As a theater critic, I was heartened to see the way theater and film have become so entwined (an especially fetching sight on Tony-winning scenic designer Derek McLane’s gorgeous Hollywood Golden Age set). Picking up awards were playwrights (Kenneth Lonergan, the writer and director of “Manchester by the Sea,” and Tarell Alvin McCraney, whose play gave rise to “Moonlight”), Broadway songwriters (Benj Pasek and Justin Paul of the Broadway hit “Dear Evan Hansen,” who contributed to the songs of “La La Land”) and actors with deep theatrical roots (such as the Juilliard-trained Davis, a Tony and Obie winner, and NYU-trained Mahershala Ali, who thanked his illustrious acting teachers).
Lin-Manuel Miranda (the suddenly ubiquitous genius behind “Hamilton”) and Sara Bareilles (the stunningly talented singer-songwriter who wrote the score for the Broadway musical “Waitress”) added to the polished verve of the show through their musical performances.
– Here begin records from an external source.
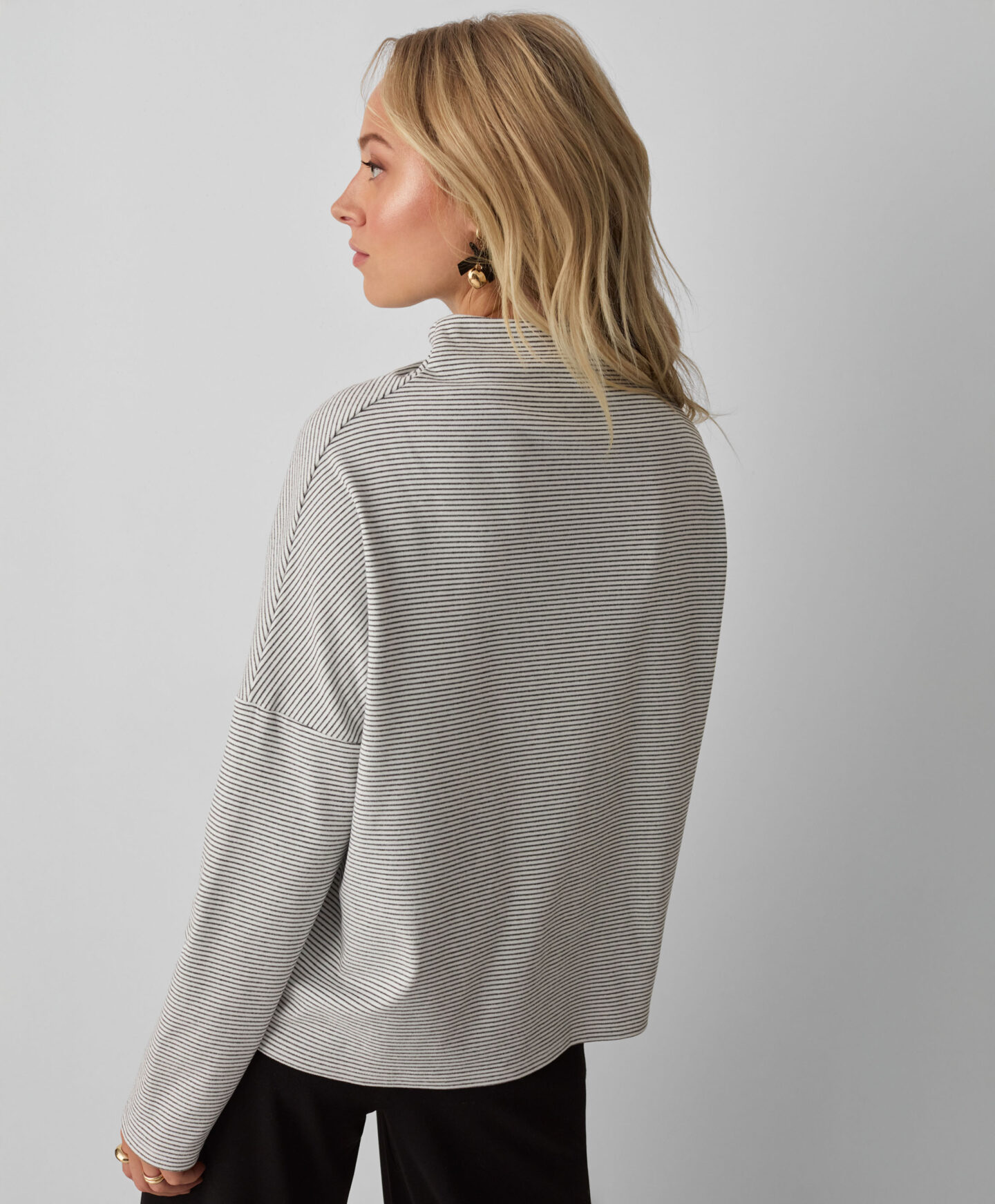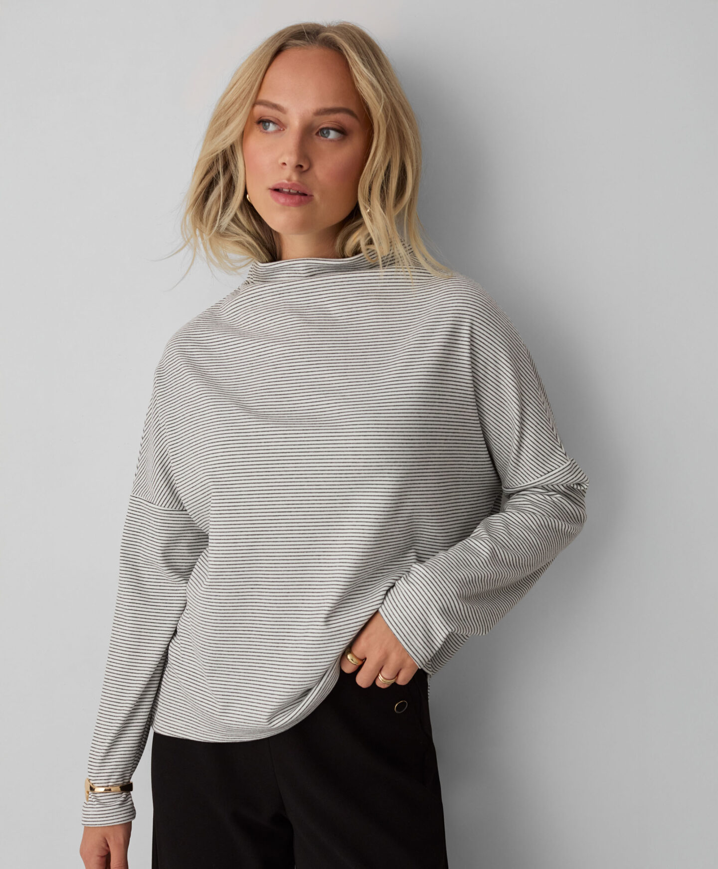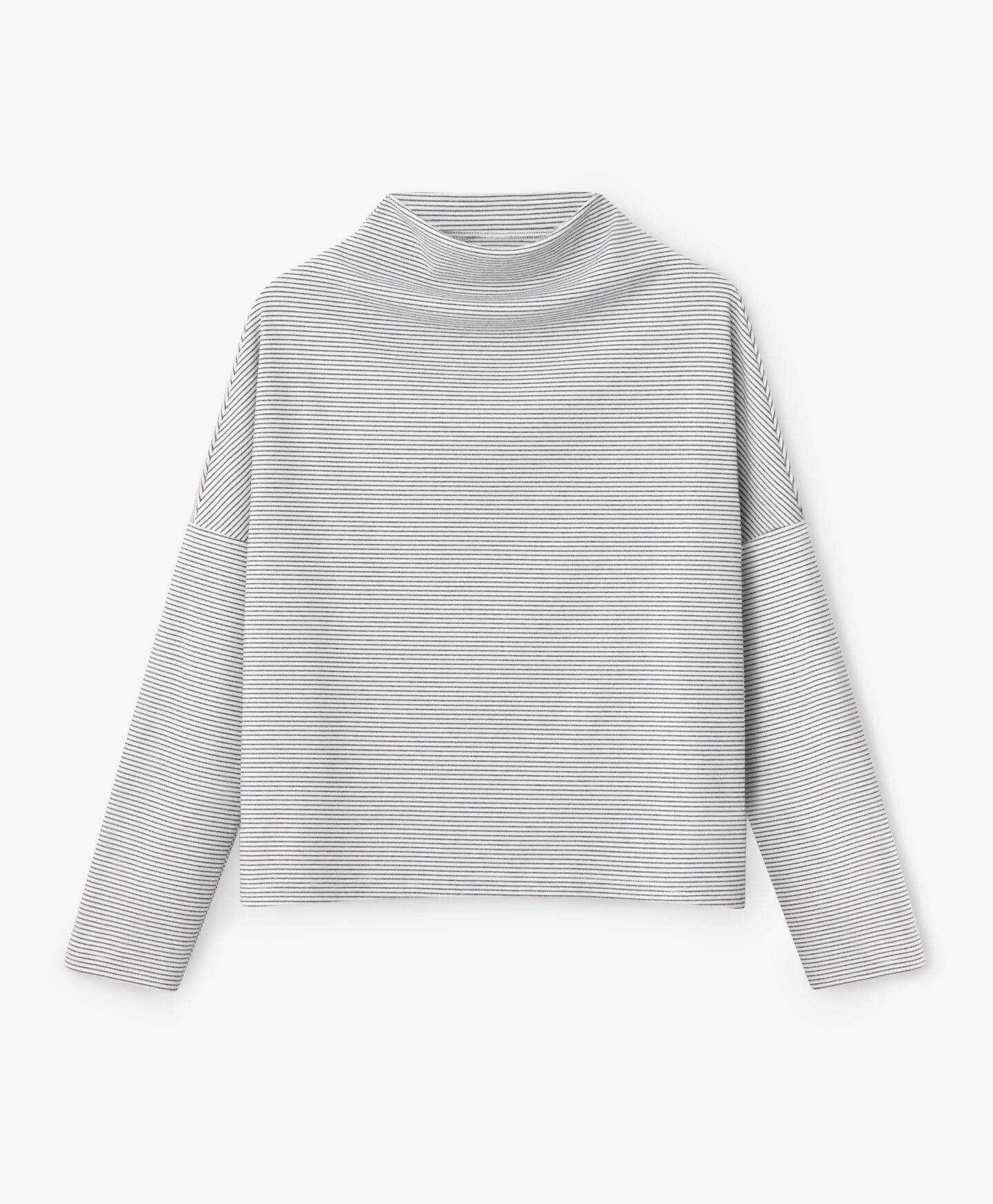 T-Shirt für Damen mit Stehkragen – Sieht besonders gut zu klassischen Jeans aus. Es ist leicht, angenehm im Griff und schmiegt sich sanft an die Haut. Eine ausgezeichnete Wahl sowohl für die Arbeit als auch zum Entspannen zu Hause. Der Stehkragen bietet zusätzliche Wärme und ist ideal für die Herbst-Winter-Saison.
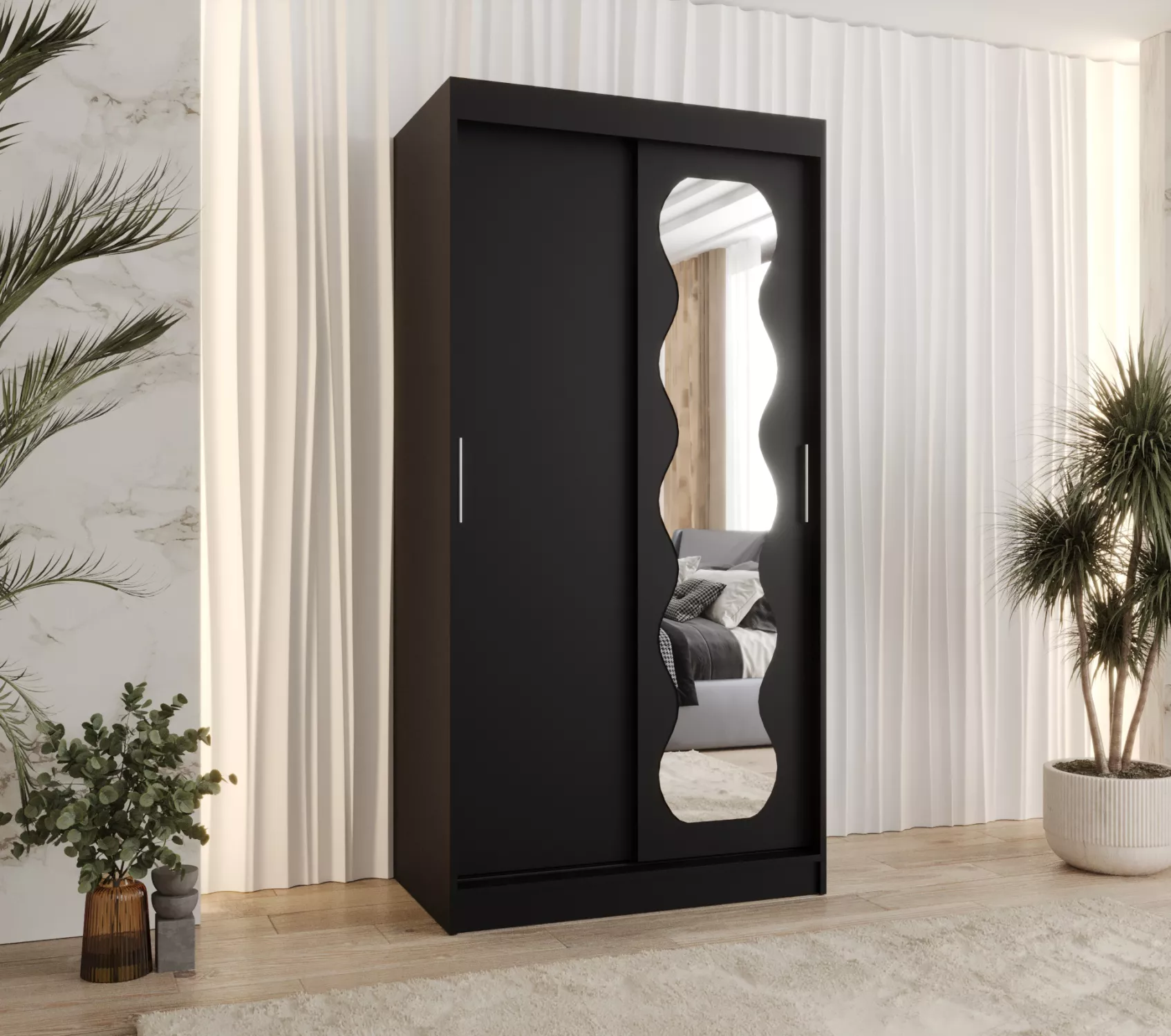 Šatní skříň 100 cm ROZANA díky svému vnitřnímu uspořádání nabízí dostatek úložného prostoru. Posuvné dveře se zrcadlem usnadňují manipulaci a šetří prostor v interiéru.
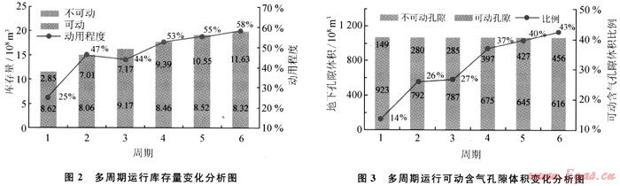 可動用庫存量逐漸增加,不可動用庫存量總體略有降低,庫存的動用程度隨之增加,其變化示意圖見圖2。經(jīng)過6個(gè)周期后,可動用庫存量由2.85×108m3增至11.63×108m3,增加了3.1倍;不可動用庫存量由8.62×108m3降至8.32×108m3,降幅為3.5%;庫存動用程度從25%增至58%,提高了1.3倍,但目前仍有42%庫存不可動用。
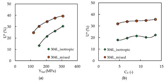 The crack closure levels are represented in Figure 7a,b: U* is a function of YSat and CY, respectively, for both the purely isotropic hardening and mixed hardening models. As previously stated, the increase of YSat caused Fopen to increase, and, therefore, it was expected that U* would increase, as shown in Figure 7a. Also, the purely isotropic hardening reduced U* in comparison with the mixed hardening. Despite the high numerical range of variation of the isotropic parameters, the variation of U* was relatively small for both hardening conditions (approximately 17% in Figure 7a and 4% in Figure 7b).
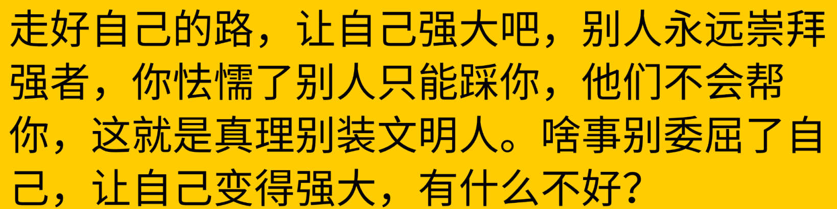 师:走好自己的路,让自己强大吧,别人永远崇拜强者,你怯懦了别人只能踩你,他们不会帮你,这就是真理别装文明人。啥事啊?!别委屈了自己,让自己变得强大,有什么不好?别在意别人异样的眼光。
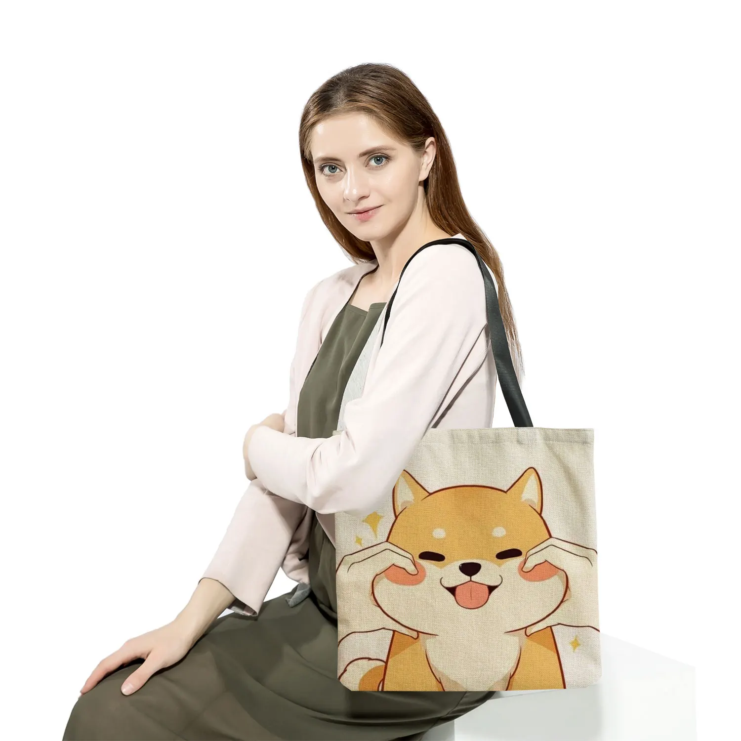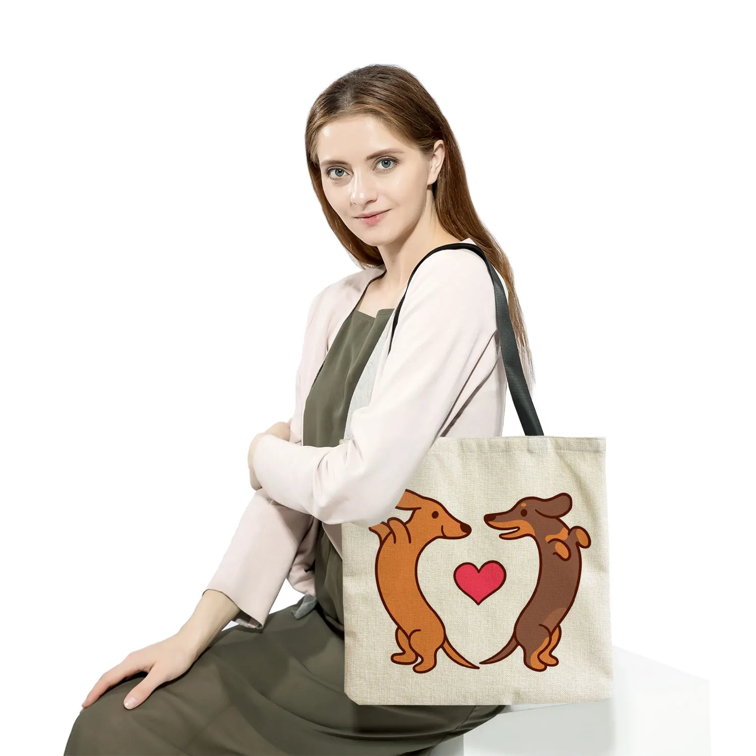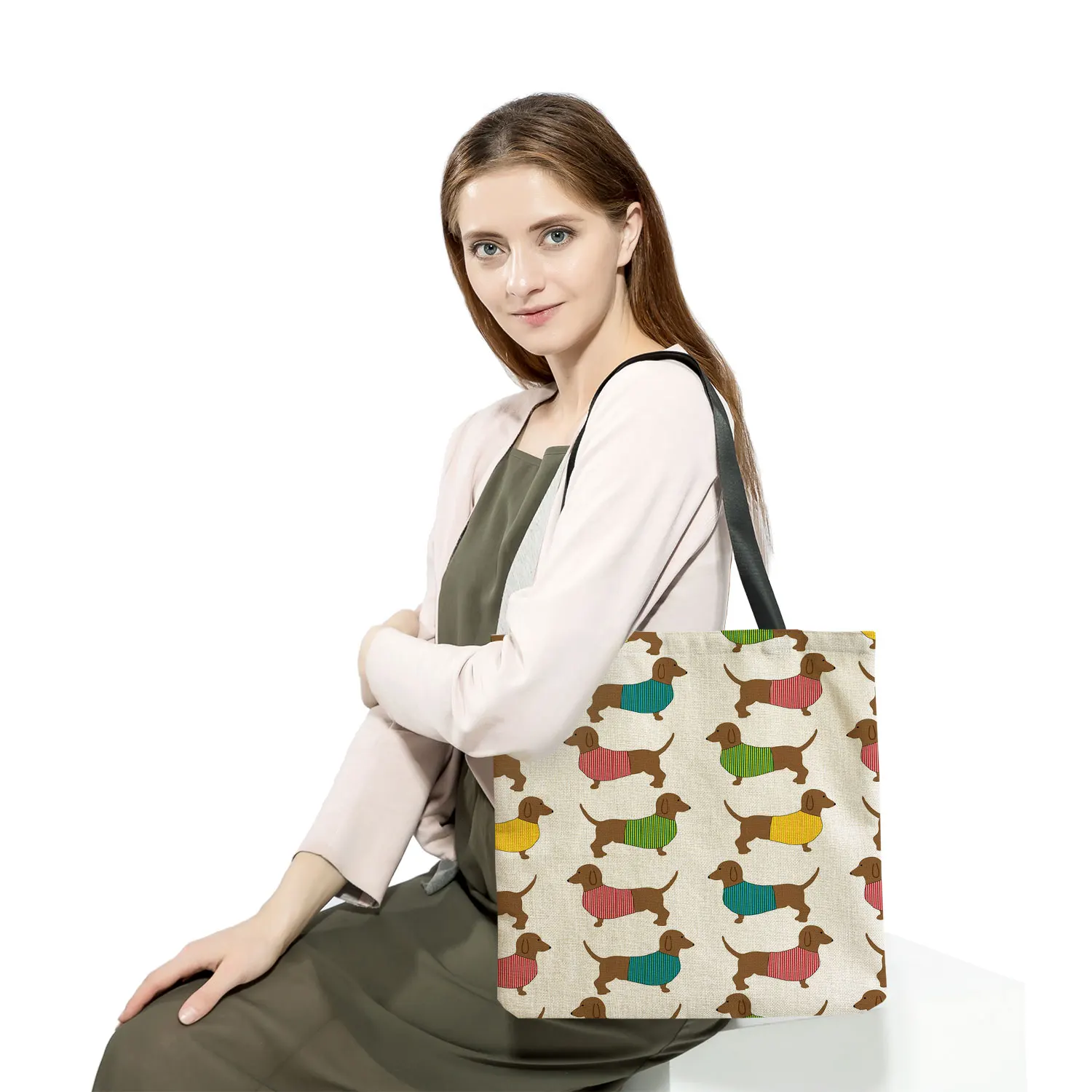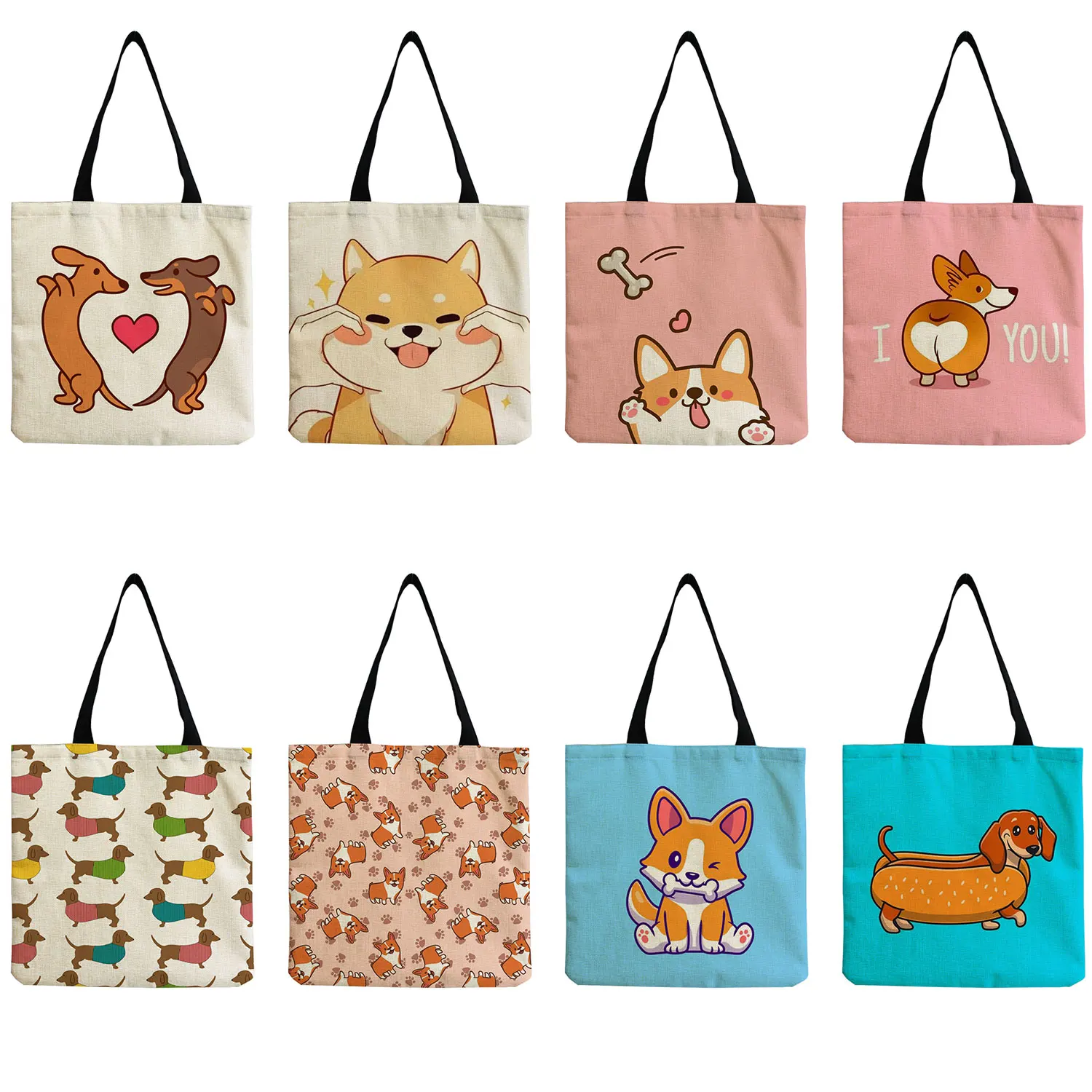 Индивидуальная Повседневная сумка для покупок, вместительная многоразовая Сумочка с принтом милой собаки, Женский тоут, мультяшная корги, таксы, Наплечные сумки
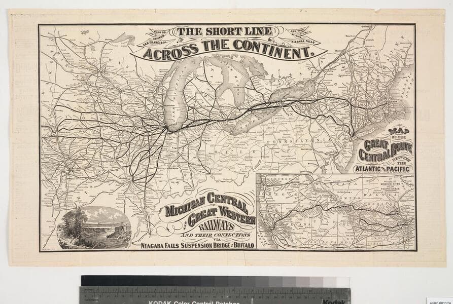 The short line across the continent. : Map of the great central route between the Atlantic and Pacific : Michigan Central and Great Western Railways
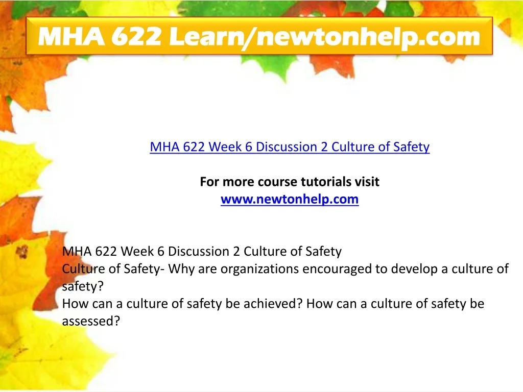MHA 622 Learn/newtonhelp.com MHA 622 Week 6 Discussion 2 Culture of Safety For more course tutorials visit www.newtonhelp.com MHA 622 Week 6 Discussion 2 Culture of Safety Culture of Safety- Why are organizations encouraged to develop a culture of safety? How can a culture of safety be achieved? How can a culture of safety be assessed?
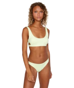 Time to upgrade your basics the solid medium bikini bottom takes a timeless style and elevates it with stretchy recycled nylon and fresh new colorways. This contemporary take on a lowrider features medium seat coverage a surf, swim, sun staple.
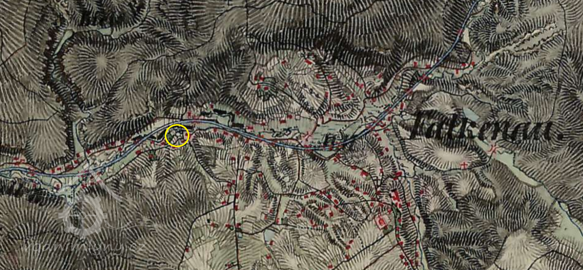 Ve Falknově existovala vrchnostenská pila z r. 1670. Voda k ní byla přiváděna z řeky Kamenice. Náhon začínal právě poblíž hutě a pod pilou přes řeku Kamenici byl most. Tato pila byla v roce 1796 prodána pilaři Antonu Münzelovi, původem z Krásné Lípy. Ten pilu v roce 1798 přestavěl na obilný mlýn, který pak měl právo nejen mlít obilí, ale i provádět výčep vrchnostenského piva.
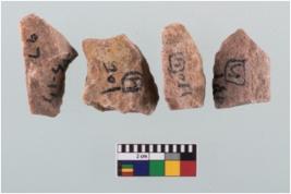 | Description / विवरण | Four worked utilised flakes with sharp edges.Many a times they are pointed at one end. |

All of the numbers were executed with such Broadway precision that I kept forgetting that they were being televised worldwide.
As Hollywood seeks to widen its range of stories, it only makes sense that it would turn to the theater, which has traditionally been more welcoming of marginalized voices. Embracing diversity not as a political platform but as a human imperative is an effective way of rebutting the charge of elitism that has been leveled at the arts by conservative ideologues.
The one discordant note of the evening was the overextended segment in which Kimmel had tourists troop through the glamorous audience and intermingle with their favorite stars. In a show that was all about dissolving the line between us and them, this comedy routine inadvertently reinforced the old divisions while chasing after cheap laughs.
But this was the exception in a highly theatrical night that was brilliantly calibrated to remind us of the power artists have to unite us through cinematic storytelling. It is through this magical lens that the most distant and disparate lives are brought into close proximity and the strange suddenly become uncannily familiar.